= Ann Peoples (Antarctic manager) =

US anthropologist and business manager

Ann Peoples, an American anthropologist and business manager, was the first American woman to serve in a significant leadership role in Antarctica when she was appointed manager of the Berg Field Center at the McMurdo Station in 1986. She went on to manage Palmer Station from 1991 to 1995.
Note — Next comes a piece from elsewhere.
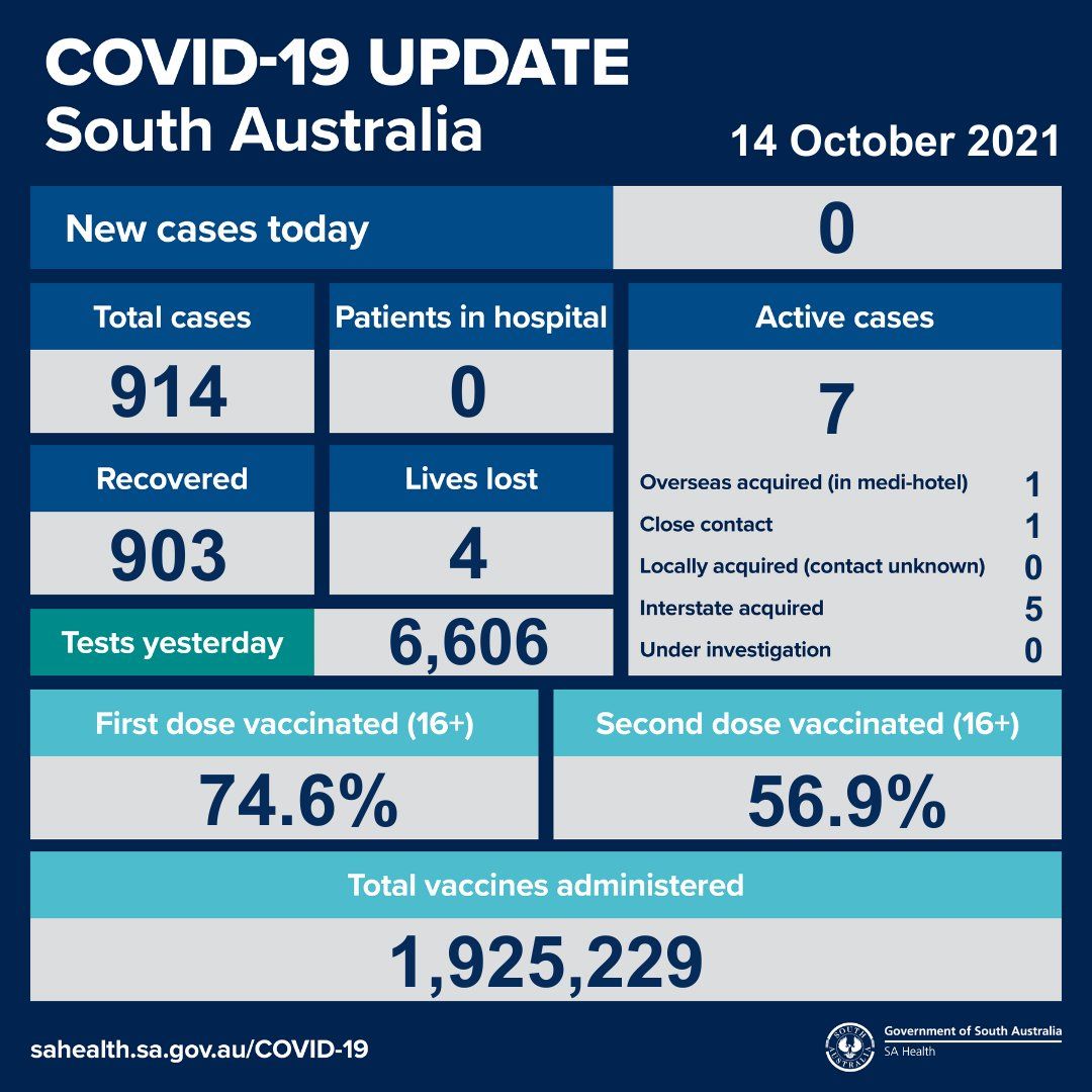 2021年10月14日,星期四,南澳新冠病例情况更新如下: 无新增确诊病例; 活跃病例7例,无患者在医院中康复与治疗。 共康复903例,死亡4例。 昨日共进行检测6606次。 第一针疫苗接种率为74.6%,第二针疫苗 ...

Peoples studied anthropology at Wheaton College, Massachusetts, graduating in 1979. From 1981, she worked for the United States Antarctic Research Program (USARP) for 14 years, initially as a driver. In 1986, she was appointed manager of the Berg Field Center. It was seasonal work which combined well with her employment as an archaeologist with the Bureau of Land Management. She was the first women in the Antarctic to have a job title as manager when she became the Berg Field Center Manager from 1986 to 1989. The facility provided outdoor equipment and survival training at McMurdo Station. In 1991, she became the first woman to manage a USAP station when she was appointed manager of the Palmer Station on Anvers Island in 1991.

In 1998, Peoples Rocks off the coast of Anvers Island was named after Ann Peoples. After her work in Antarctica, Peoples worked as Deputy Program Director for chemical weapons demilitarization at Johnston Atoll, Hawaii where she became the first woman to receive the Commander's Award for Public Service. She then returned to California where she studied at the University of California, Irvine, where she earned an MBA in 2003. She then joined Thomson Advisors, Virginia, specializing in management consulting services.